EquipmentShare plans to offer Class A shares of common stock and applied for a public listing on NASDAQ under the stock symbol EQPT, according to its S-1 filing with the Securities and Exchange Commission. The anticipated price range for shares has not been determined, and it’s unclear when they will become available for purchase.  

The company declined to comment on the IPO as part of the SEC’s required “quiet period,” according to a spokesperson.  

Columbia, Miss.-based EquipmentShare, which also provides technology solutions through its proprietary T3 platform, has grown at an annual compound rate of 140% since its founding in 2015, according to the filing. The company posted $3.8 billion in revenue in 2024 and opened its 290th location, up from $2.6 billion in revenue and 200 locations in 2023. 

The timing of EquipmentShare’s decision “signals confidence in their technology-driven differentiation story,” Lukas Muehlbauer, a research analyst at IPOX, a research firm and investment solutions provider focused on new listings, told Equipment Finance News.  

 The IPO timing “also reflects a strategic window to access capital amid uncertainty about the pace of further rate cuts, where policy changes could re-introduce volatility and potentially shut the issuance window.”
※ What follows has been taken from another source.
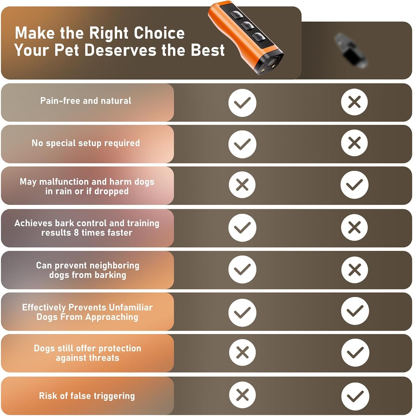 Veilige en effectieve modi: beschikt over een vaste frequentie van 25 kHz die niet detecteerbaar is voor mensen maar effectief voor honden. Zonder schok, trillingen, lawaai of fysiek contact is het volledig veilig voor honden van alle maten.

— Luka Muehlbauer, research analyst, IPOX

Capital considerations 

Going public will provide the capital needed to support EquipmentShare’s growth strategy while subjecting its “tech-platform narrative” to public-market scrutiny, Muehlbauer said.  

“Investors will look closely at their capital-intensive growth plan, as it creates heightened sensitivity to interest rates while being exposed to the cyclical non-residential construction market, leaving the company vulnerable to any economic downturn,” he said.  

Moreover, the IPO filing reflects the equipment rental market’s broader shift toward digitalization in what has historically been a “low-tech, asset-heavy-sector,” Muehlbauer said.  

“If EquipmentShare succeeds in commanding a premium valuation based on its software capabilities, it will likely pressure incumbents to accelerate their own digital investments or risk being perceived as legacy operators,” he said.  

The lead book-runners for the offering include: Goldman Sachs, Wells Fargo Securities, UBS Investment Bank, Citigroup and Guggenheim Securities.  

EquipmentShare reported $2.8 billion in total revenue through the first nine months of 2025, up 27% year over year, according to the S-1 filing. It posted a net loss of $25.2 million, compared with a $47.2 million loss through the first nine months of 2024. 

OWN financing model 

In addition to its T3 software platform, the unique financing structure of EquipmentShare’s OWN program is a differentiator that could appeal to investors, Matthew Kennedy, senior strategist at IPO-focused research firm Renaissance Capital, told EFN. 

The OWN program is a capital-light model in which EquipmentShare sells equipment to third-party investors who immediately lease it back to the company. EquipmentShare then maintains operational control over the assets while sharing income with investors, enabling it to fund the expansion of its fleet through asset-backed securities and other credit facilities rather than taking on large sums of debt.  

As the company prepares to go public, the company will likely “pitch its technology and asset-light financing, and that will have some appeal,” Kennedy said. 

“I don’t know if its competitors are trying to copy this formula, but if this company is well received, then they absolutely would eventually,” he said. 

The $2.8 billion asset-based senior secured credit facility that it secured last week should also “put investors at ease,” he said. 

Check out our exclusive industry data here.   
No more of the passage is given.